Dr. Karp absently fiddled with his pointed beard, his eyes cast downward. "The deterioration will intensify, Mr. Tikhanov. You will not survive more than two or three years."

Tikhanov felt almost suffocated with rage at the unfairness of what was happening to him. He sat down next to Dr. Karp, grasped his arm and shook it. "I won't accept this, I can't. There must be some way to arrest this disease."

"I know of no physician on earth who can tell you anything other than what I've told you. However, if you want to seek a second opinion—"

'That would seem to be pointless, from what you say."

"Of course, there are a few doctors in the world who claim they can sometimes do something about this. I've twice sent patients of mine, at their insistence, to a well-known rejuvenation specialist in Geneva, Switzerland, who believes that he has upon occasion eradicated the

disease. It didn't work for my two patients, so such therapy remains in question, a long shot—"

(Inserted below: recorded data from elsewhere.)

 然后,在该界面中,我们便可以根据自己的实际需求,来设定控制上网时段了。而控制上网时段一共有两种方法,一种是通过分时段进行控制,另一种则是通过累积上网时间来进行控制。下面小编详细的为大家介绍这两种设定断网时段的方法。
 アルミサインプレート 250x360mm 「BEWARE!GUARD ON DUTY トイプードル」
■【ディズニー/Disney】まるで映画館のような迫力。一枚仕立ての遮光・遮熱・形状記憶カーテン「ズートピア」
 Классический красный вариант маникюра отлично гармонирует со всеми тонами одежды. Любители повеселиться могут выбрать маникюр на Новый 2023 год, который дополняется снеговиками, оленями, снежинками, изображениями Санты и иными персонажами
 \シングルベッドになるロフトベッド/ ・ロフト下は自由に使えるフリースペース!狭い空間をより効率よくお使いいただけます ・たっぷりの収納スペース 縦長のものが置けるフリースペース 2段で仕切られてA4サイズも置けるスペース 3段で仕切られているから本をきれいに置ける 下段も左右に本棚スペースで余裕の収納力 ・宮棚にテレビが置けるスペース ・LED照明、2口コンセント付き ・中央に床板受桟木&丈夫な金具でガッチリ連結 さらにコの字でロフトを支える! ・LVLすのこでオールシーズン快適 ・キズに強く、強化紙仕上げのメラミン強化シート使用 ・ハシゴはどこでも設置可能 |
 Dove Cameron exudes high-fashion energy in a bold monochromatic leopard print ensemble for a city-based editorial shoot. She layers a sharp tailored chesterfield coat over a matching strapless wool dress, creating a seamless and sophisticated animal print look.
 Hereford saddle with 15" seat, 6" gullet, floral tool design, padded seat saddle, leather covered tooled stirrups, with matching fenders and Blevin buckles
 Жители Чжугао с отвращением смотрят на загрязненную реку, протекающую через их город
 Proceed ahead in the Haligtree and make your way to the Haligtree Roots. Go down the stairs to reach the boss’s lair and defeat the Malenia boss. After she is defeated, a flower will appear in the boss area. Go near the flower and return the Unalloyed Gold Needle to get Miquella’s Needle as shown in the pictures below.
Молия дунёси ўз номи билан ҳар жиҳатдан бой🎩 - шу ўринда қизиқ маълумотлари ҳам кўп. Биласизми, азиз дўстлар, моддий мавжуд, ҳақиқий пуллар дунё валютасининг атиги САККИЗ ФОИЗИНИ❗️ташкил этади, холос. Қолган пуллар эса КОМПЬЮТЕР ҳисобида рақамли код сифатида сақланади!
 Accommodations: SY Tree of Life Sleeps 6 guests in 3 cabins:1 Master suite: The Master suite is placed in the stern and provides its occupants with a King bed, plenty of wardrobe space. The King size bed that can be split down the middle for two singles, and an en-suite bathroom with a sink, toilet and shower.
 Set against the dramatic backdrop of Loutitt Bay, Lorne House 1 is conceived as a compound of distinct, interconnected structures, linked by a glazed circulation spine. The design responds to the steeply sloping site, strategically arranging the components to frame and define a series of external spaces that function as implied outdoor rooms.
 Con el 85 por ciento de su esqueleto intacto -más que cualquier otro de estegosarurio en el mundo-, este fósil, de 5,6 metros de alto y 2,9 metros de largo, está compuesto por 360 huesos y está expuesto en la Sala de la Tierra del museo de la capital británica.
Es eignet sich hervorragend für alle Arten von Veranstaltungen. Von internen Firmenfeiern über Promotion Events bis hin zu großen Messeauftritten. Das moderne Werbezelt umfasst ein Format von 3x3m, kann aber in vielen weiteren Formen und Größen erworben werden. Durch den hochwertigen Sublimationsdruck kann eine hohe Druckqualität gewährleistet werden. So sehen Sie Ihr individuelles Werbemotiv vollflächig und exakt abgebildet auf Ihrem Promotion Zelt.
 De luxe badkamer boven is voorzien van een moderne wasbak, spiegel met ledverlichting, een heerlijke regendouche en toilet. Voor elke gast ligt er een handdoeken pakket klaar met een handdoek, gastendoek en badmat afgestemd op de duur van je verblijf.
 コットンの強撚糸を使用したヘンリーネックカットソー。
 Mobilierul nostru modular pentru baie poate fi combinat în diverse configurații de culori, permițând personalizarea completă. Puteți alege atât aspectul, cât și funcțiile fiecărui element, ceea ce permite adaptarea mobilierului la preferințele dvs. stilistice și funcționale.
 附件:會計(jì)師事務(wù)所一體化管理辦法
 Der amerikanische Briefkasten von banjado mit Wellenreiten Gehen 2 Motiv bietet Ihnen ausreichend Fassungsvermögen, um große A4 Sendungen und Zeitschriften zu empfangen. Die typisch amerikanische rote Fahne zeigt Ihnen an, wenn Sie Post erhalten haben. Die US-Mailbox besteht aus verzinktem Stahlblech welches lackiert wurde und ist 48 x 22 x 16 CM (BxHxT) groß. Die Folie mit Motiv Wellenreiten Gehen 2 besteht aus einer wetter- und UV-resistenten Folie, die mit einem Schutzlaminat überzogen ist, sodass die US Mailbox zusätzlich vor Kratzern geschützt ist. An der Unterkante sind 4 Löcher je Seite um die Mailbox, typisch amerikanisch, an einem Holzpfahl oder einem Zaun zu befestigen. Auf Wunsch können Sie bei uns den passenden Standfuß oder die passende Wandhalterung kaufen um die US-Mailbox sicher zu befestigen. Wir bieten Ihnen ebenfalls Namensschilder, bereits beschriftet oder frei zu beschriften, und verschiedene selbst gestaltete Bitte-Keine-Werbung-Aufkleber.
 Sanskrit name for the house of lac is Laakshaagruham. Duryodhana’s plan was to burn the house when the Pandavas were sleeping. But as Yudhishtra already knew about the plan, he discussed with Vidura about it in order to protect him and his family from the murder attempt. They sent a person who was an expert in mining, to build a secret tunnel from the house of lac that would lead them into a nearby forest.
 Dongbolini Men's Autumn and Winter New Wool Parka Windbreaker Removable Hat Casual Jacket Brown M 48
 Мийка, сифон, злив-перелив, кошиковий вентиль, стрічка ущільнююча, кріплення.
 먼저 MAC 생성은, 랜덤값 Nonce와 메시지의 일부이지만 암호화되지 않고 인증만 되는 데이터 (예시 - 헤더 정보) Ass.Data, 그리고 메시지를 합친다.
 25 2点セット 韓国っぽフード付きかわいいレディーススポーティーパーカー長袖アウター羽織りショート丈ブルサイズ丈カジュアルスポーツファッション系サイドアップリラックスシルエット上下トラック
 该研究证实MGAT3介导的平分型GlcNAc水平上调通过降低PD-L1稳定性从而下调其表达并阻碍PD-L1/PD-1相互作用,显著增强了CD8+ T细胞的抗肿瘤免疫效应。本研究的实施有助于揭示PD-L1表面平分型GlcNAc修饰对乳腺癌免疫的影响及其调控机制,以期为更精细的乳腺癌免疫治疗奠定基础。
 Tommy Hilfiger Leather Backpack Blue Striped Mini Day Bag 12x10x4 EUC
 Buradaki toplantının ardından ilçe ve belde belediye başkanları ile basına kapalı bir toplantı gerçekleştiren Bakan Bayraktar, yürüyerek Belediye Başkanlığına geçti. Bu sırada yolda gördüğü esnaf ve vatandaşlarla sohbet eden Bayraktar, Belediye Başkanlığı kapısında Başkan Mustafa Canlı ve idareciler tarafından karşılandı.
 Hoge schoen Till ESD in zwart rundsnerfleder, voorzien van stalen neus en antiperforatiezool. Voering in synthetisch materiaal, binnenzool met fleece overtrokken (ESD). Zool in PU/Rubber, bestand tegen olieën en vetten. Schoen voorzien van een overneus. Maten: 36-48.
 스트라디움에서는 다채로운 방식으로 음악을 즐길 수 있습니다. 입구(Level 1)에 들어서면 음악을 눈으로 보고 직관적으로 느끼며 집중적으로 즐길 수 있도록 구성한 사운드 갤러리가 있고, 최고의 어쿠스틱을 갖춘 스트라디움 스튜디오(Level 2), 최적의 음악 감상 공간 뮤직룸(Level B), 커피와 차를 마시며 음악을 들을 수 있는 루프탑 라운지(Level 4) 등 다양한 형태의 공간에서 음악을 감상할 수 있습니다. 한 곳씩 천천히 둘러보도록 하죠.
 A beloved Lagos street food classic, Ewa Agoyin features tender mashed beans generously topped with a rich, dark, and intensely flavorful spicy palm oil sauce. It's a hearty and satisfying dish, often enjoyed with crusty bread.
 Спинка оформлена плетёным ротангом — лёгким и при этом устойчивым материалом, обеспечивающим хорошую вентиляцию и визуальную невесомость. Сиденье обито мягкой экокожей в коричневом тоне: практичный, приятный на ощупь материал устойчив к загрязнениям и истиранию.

"I suggest this is the time to try a long shot. You know this rejuvenation specialist?"

"I've spoken to him on the phone several times, some years ago. Yes, you might say I know Dr. Motta."

"Then do me a favor," said Tikhanov. "Call him in Geneva and make an appointment for me."

"Well, I could . . ." Dr. Karp looked at his watch. "Of course, at this hour he would be asleep."

"Wake him."

Dr. Karp appeared doubtful. "You insist? Really, tomorrow would be—"

"I insist," said Tikhanov forcefully. "Wake him tonight and make an appointment for me. Nothing can be more important."

Dr. Karp had resigned himself to the uncomfortable assignment. "Very well. It may take a little while. If you don't mind waiting."

"I assure you, I have nothing more vital to do."

Tikhanov watched Dr. Karp leave the dining alcove, go through his office, and disappear into another room.

Tikhanov gulped his tepid tea, filled the cup again with hot tea, drank it, brooding over his imminent mortality and the possible loss of his great opportunity. He had not yet recovered from the initial shock of the diagnosis. He pondered the choice that lay immediately ahead. To accept an active role of power, and its excitement, which could promise him no more than two or three years, or to resign himself to an inactive life that would give him ten or twelve years. Unlike many Russians, Tikhanov was not a fatalist. True, life was sweet, and there would be pleasure in added years, but he wondered how much pleasure could be derived in days without work and decision and authority.